Maine Maple Sunday is always the fourth Sunday in March. Maine’s maple producers open their sugarhouses for people to join them in making maple syrup.

Most sugarhouses offer free tasting and a live demonstration of how syrup is produced, from tap to table. Many offer treats and activities, including syrup on pancakes or ice cream, sugarbush tours, sleigh or wagon rides, and more.

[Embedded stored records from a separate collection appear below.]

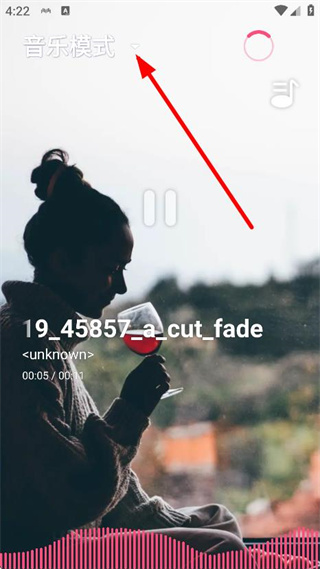 1、在音乐播放页面,点击音乐模式,展开功能选项栏。
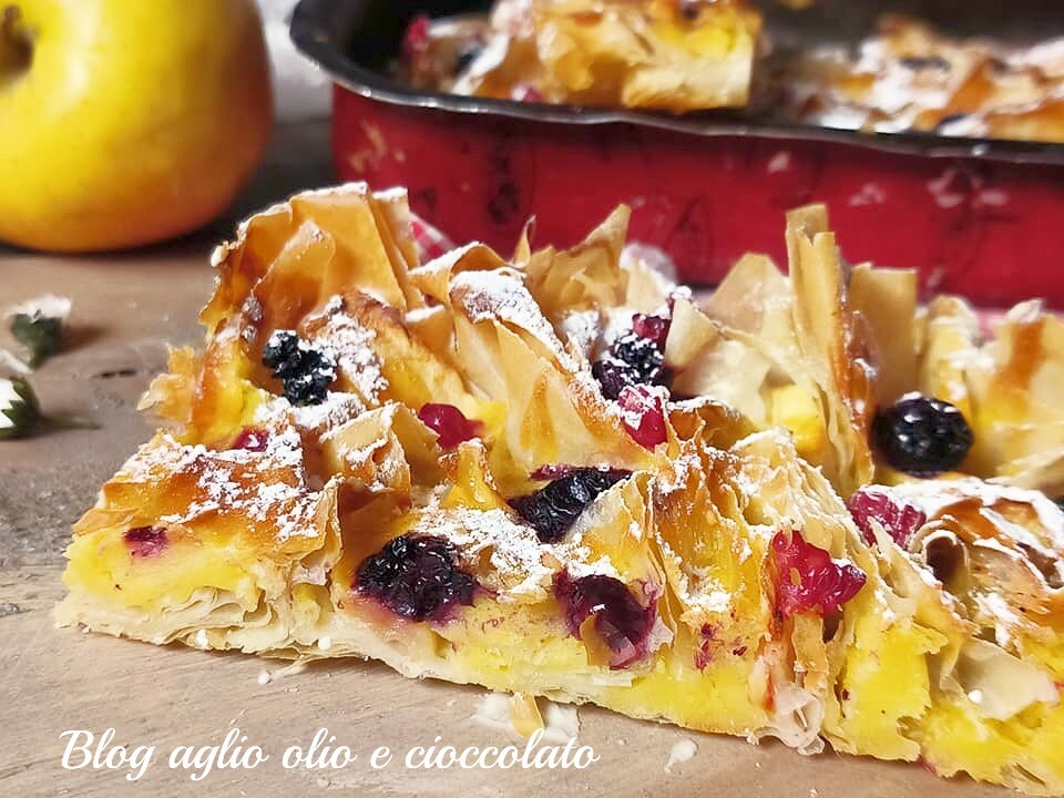 Tarte avec pâte filo, pommes et fruits des bois, un dessert très gourmand et très croquant qui fait crunch à chaque bouchée même le lendemain. Après avoir fait la version au chocolat, vous la trouvez ici, il ne pouvait manquer la version avec les pommes et les fruits des bois que j’adore d’ailleurs. Elle se prépare en très peu de temps et avec très peu d’ingrédients, évidemment celui qui la rend si croquante est la pâte filo que vous trouvez facilement au supermarché, mais si vous voulez, vous pouvez aussi la faire à la maison. Il vous suffit de beurrer les couches et d’ajouter un mélange d’œufs et le croquant sort à merveille. Je vous conseille de l’essayer et je suis sûre que vous la ferez souvent comme moi. Voyons ce dont nous avons besoin pour faire la Tarte avec pâte filo, pommes et fruits des bois.
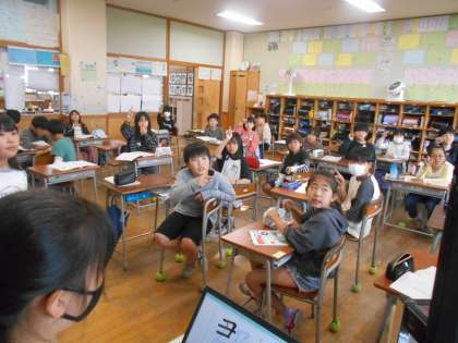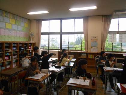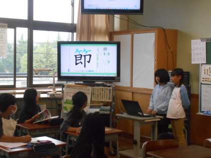 この学級は新出漢字を子供が教えるスタイルで学習しています。
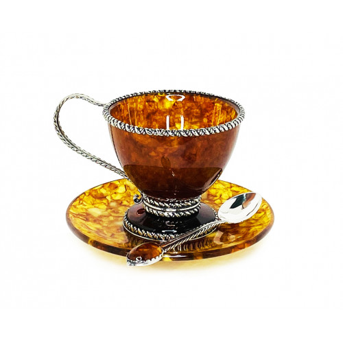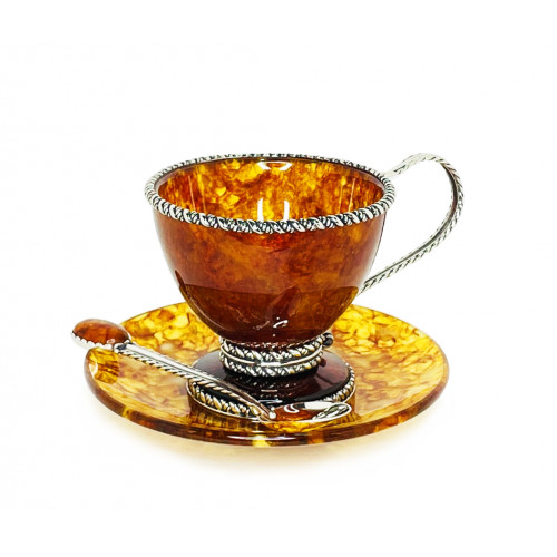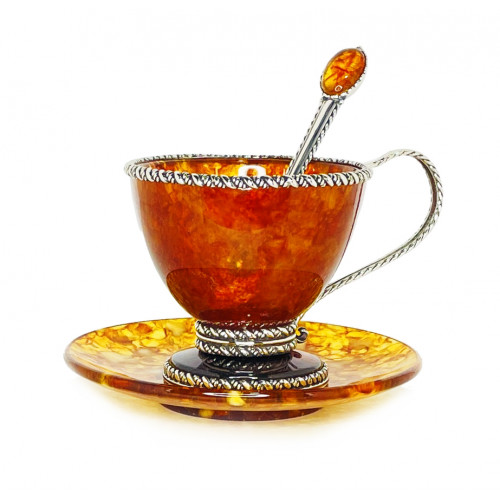 Объем чашки - 120 мл. Диаметр блюдца 12 см., длина ложечки - 12 см. По запросу можно делать наборы из одной, двух, шести чашек в одном футляре. Оттенок янтаря может отличаться от оттенка, представленного на фотографии.
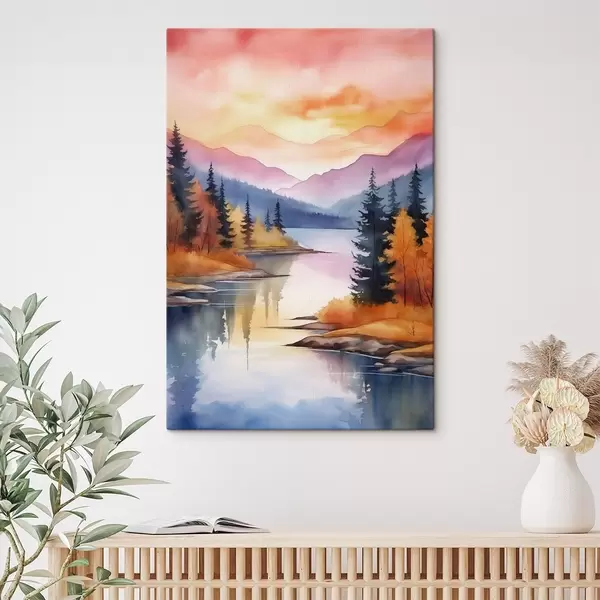 Glezna Rudens ainava pie ezera ar gaišu debesi Nr s46155
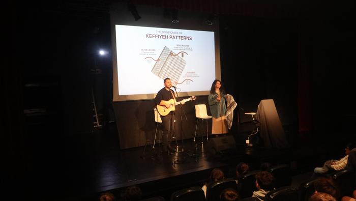 Bizi duten egoera latz eta bidegabeaz mintzatu ziren, baina baita horren jatorriaz ere edota haien herria hobekiago ezagutzeko aukera izan zuten gazteek. Azalpenak, taldekoen abestiarekin tartekatu zituzten.

For Bill and Lucille Saucier of Auburn, watching the process was icing on the morning. Their real treat was the pancake breakfast at the West Minot Sugarhouse on Route 119. Hungry people lined up out the door, down the road and around the corner for the chance to slather the homemade pancakes, bacon and sausage breakfast in syrup fresh from the sugarhouse’s 3- by 10-foot oil-fired evaporator.

“We come out for the nice maple breakfast,” said Bill Saucier. “I’m sure it’s going to be enjoyable. It’s going to be well worth the wait.”

The couple have visited eight different operations over the years. They were among the throng of people who waited in line as long as an hour Sunday morning to eat in the small dining area of the West Minot Sugarhouse. They agreed that the tradition is a sure sign that spring has arrived in Maine.

“It’s a neat thing because people are tired of winter and this is the beginning of spring,” said Wayne Slattery, who operates the West Minot Sugarhouse with his wife, Joni, as well as other family and friends. “That’s really what brings people out, cabin fever.”